_Task brief:_ Could the entries below be transcribed word for word, with the pictures omitted?

Segment Start: Data provided

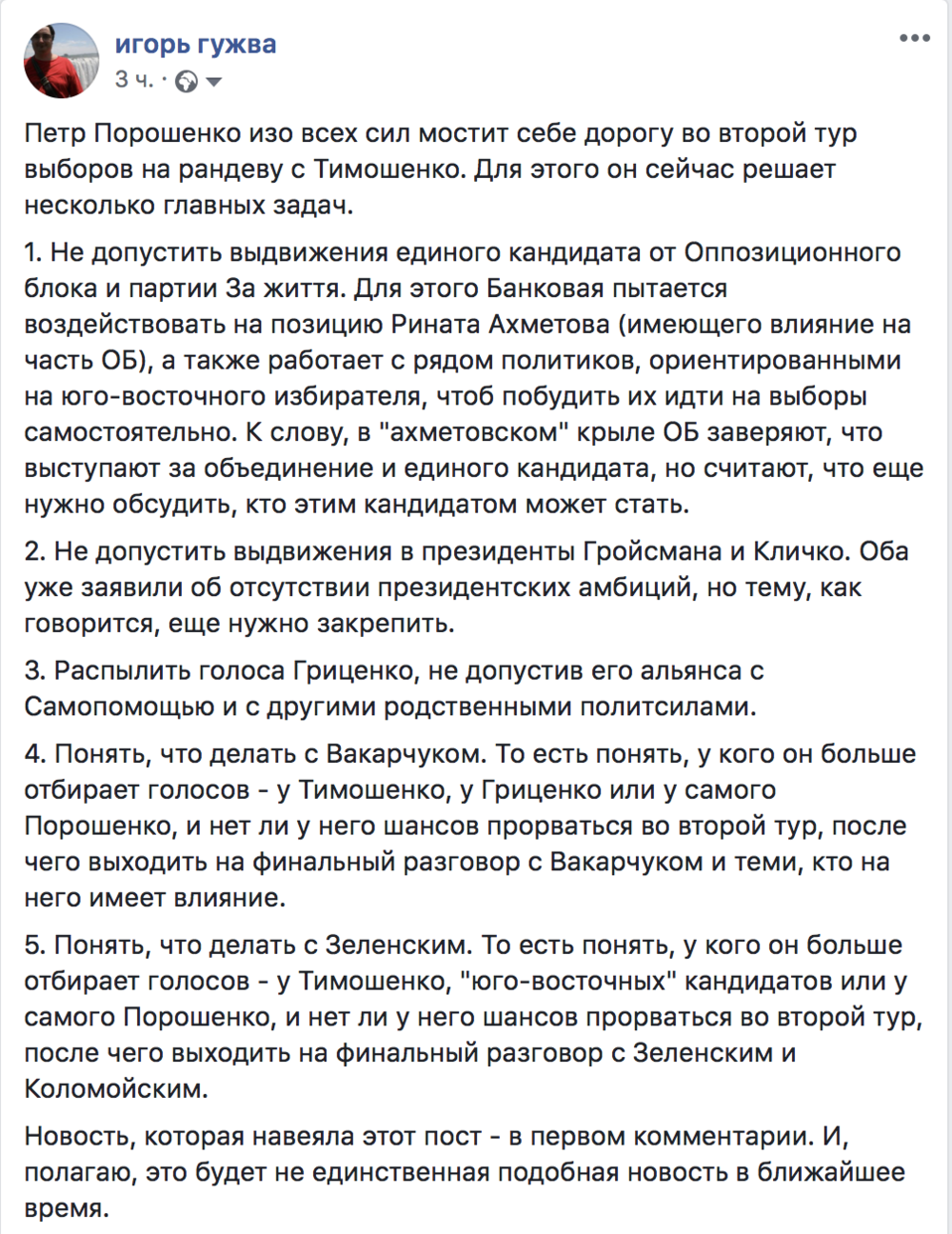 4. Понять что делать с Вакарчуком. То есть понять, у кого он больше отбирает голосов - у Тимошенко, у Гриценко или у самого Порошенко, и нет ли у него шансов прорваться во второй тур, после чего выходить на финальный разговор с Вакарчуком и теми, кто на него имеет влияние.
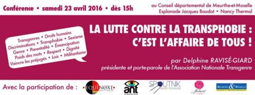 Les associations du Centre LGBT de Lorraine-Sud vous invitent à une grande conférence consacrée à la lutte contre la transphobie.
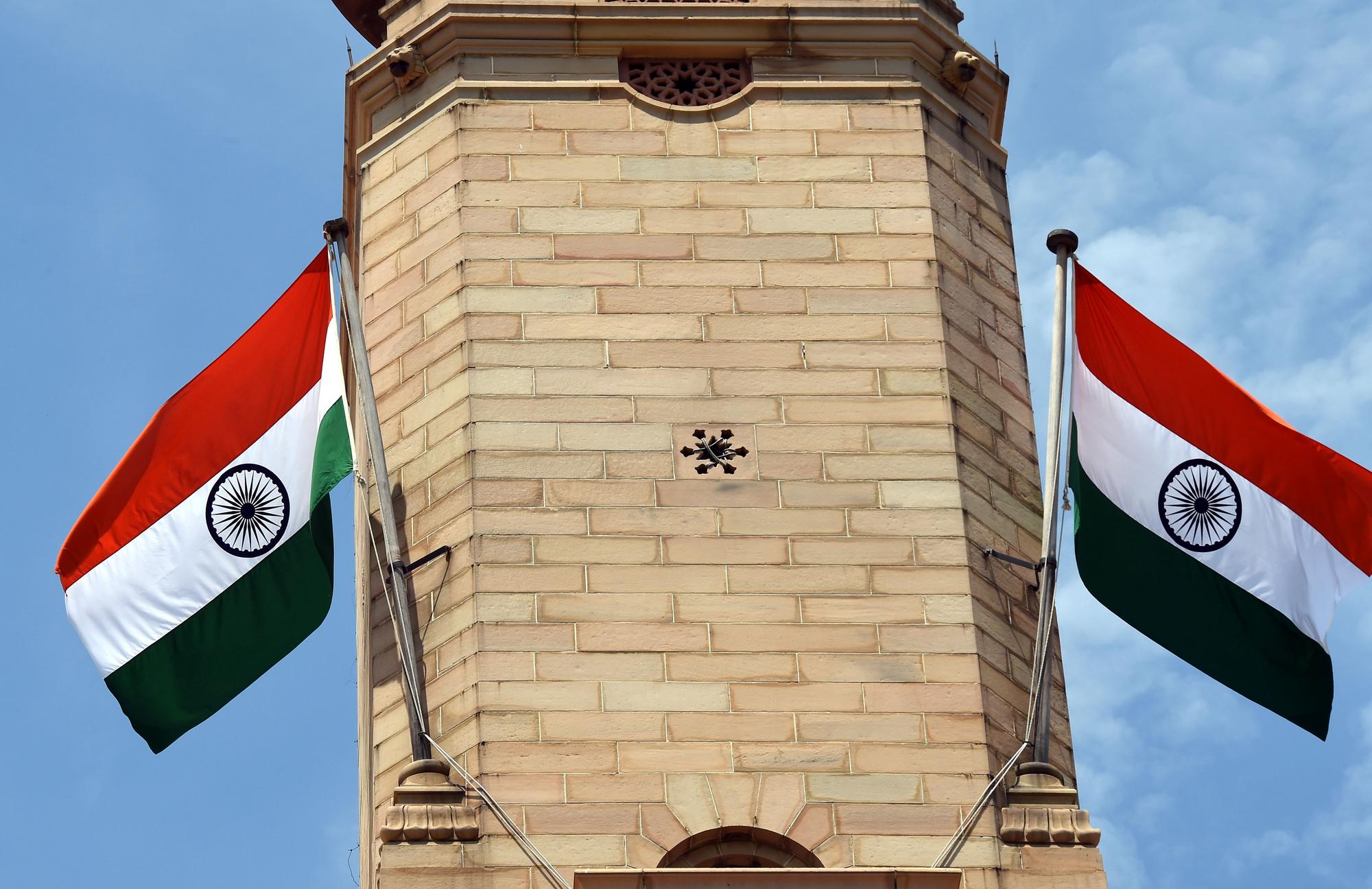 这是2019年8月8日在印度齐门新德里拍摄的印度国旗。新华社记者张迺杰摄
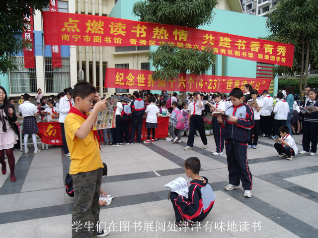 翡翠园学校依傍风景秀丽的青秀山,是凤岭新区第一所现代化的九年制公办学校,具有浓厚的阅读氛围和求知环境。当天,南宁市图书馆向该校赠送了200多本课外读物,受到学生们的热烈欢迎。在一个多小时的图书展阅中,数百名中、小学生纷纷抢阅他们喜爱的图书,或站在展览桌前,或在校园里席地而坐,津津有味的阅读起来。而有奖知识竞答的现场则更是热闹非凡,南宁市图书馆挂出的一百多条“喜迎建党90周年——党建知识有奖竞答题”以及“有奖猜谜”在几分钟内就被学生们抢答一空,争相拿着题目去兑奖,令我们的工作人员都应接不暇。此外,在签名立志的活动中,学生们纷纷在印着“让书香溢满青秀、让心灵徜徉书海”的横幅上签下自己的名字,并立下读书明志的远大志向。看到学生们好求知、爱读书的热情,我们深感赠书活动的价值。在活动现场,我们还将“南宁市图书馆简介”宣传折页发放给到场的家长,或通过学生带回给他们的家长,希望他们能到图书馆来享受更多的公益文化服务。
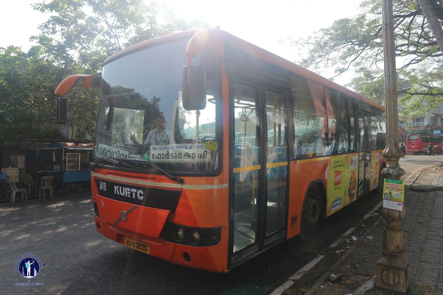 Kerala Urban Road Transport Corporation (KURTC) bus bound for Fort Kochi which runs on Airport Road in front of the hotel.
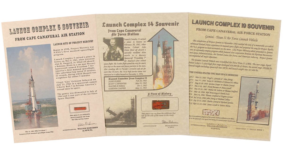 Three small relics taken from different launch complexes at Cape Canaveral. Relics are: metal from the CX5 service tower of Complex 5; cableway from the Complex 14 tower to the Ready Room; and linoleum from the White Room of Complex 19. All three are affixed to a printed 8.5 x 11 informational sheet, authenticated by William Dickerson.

Segment End: Data provided

_Response to the task:_
 4. Понять что делать с Вакарчуком. То есть понять, у кого он больше отбирает голосов - у Тимошенко, у Гриценко или у самого Порошенко, и нет ли у него шансов прорваться во второй тур, после чего выходить на финальный разговор с Вакарчуком и теми, кто на него имеет влияние.
 Les associations du Centre LGBT de Lorraine-Sud vous invitent à une grande conférence consacrée à la lutte contre la transphobie.
 这是2019年8月8日在印度齐门新德里拍摄的印度国旗。新华社记者张迺杰摄
 翡翠园学校依傍风景秀丽的青秀山,是凤岭新区第一所现代化的九年制公办学校,具有浓厚的阅读氛围和求知环境。当天,南宁市图书馆向该校赠送了200多本课外读物,受到学生们的热烈欢迎。在一个多小时的图书展阅中,数百名中、小学生纷纷抢阅他们喜爱的图书,或站在展览桌前,或在校园里席地而坐,津津有味的阅读起来。而有奖知识竞答的现场则更是热闹非凡,南宁市图书馆挂出的一百多条“喜迎建党90周年——党建知识有奖竞答题”以及“有奖猜谜”在几分钟内就被学生们抢答一空,争相拿着题目去兑奖,令我们的工作人员都应接不暇。此外,在签名立志的活动中,学生们纷纷在印着“让书香溢满青秀、让心灵徜徉书海”的横幅上签下自己的名字,并立下读书明志的远大志向。看到学生们好求知、爱读书的热情,我们深感赠书活动的价值。在活动现场,我们还将“南宁市图书馆简介”宣传折页发放给到场的家长,或通过学生带回给他们的家长,希望他们能到图书馆来享受更多的公益文化服务。
 Kerala Urban Road Transport Corporation (KURTC) bus bound for Fort Kochi which runs on Airport Road in front of the hotel.
 Three small relics taken from different launch complexes at Cape Canaveral. Relics are: metal from the CX5 service tower of Complex 5; cableway from the Complex 14 tower to the Ready Room; and linoleum from the White Room of Complex 19. All three are affixed to a printed 8.5 x 11 informational sheet, authenticated by William Dickerson.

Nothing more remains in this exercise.